Child Penalties and Gender Inequality
The idea that parenthood has differential effects on women and men is not new. However, recent work has developed new and transparent ways of estimating the magnitude of child penalties — the negative effects of having children on the labor market outcomes of women relative to men. This research quantifies how much of gender inequality child penalties explain and studies their underlying drivers.
While this research agenda is ongoing, a clear picture is beginning to emerge: child penalties account for most of the remaining gender inequality in labor market outcomes, at least in developed countries, and they cannot be explained by traditional mechanisms rooted in biology, comparative advantage, or public policies. Rather, child penalties seem to reflect social norms about the roles of men and women, norms that vary strongly across space and demographic groups. Further reductions in gender inequality will require a reduction in child penalties, which in turn requires a change in gender norms. This view represents a strong departure from traditional research on gender inequality, which focused on human capital accumulation and discrimination. In this article, I present a nontechnical review of my recent work on child penalties.

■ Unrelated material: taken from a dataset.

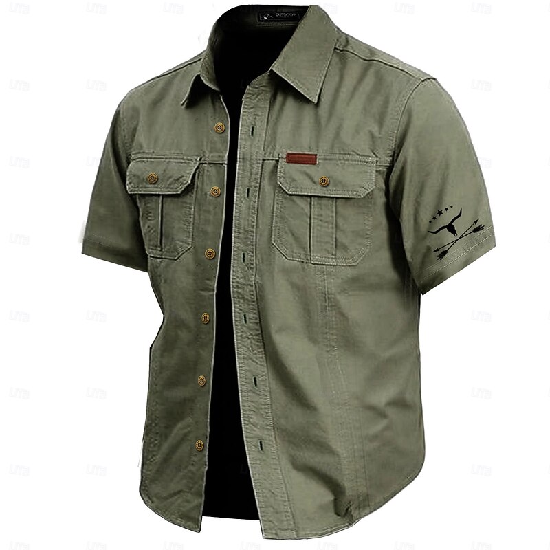 More information about Men's Cow Print Work Shirt Western Shirt Cargo Shirt Short Sleeve Casual Tactical Sports & Outdoor Going out Summer Spring Turndown Print Army Green Khaki Dark Blue Beige

Child Penalties: The Facts
To set the scene, Figure 1 presents evidence on child penalties in the United States. The results are taken from my 2022 study,1 and they are based on the event study approach I developed with Camille Landais and Jakob Egholt Søgaard.2 The figure shows the evolution of employment and earnings for men (black lines) and women (blue lines) around the birth of a first child. The year of the first child’s birth is indexed as event time t = 0, marked by the dashed vertical line. The outcomes of both men and women have been normalized to zero in a base year before a child’s birth (specifically at t = −2), so that outcomes in any given year are measured relative to that pre-child base year. Changes relative to the base year are reported in percentages.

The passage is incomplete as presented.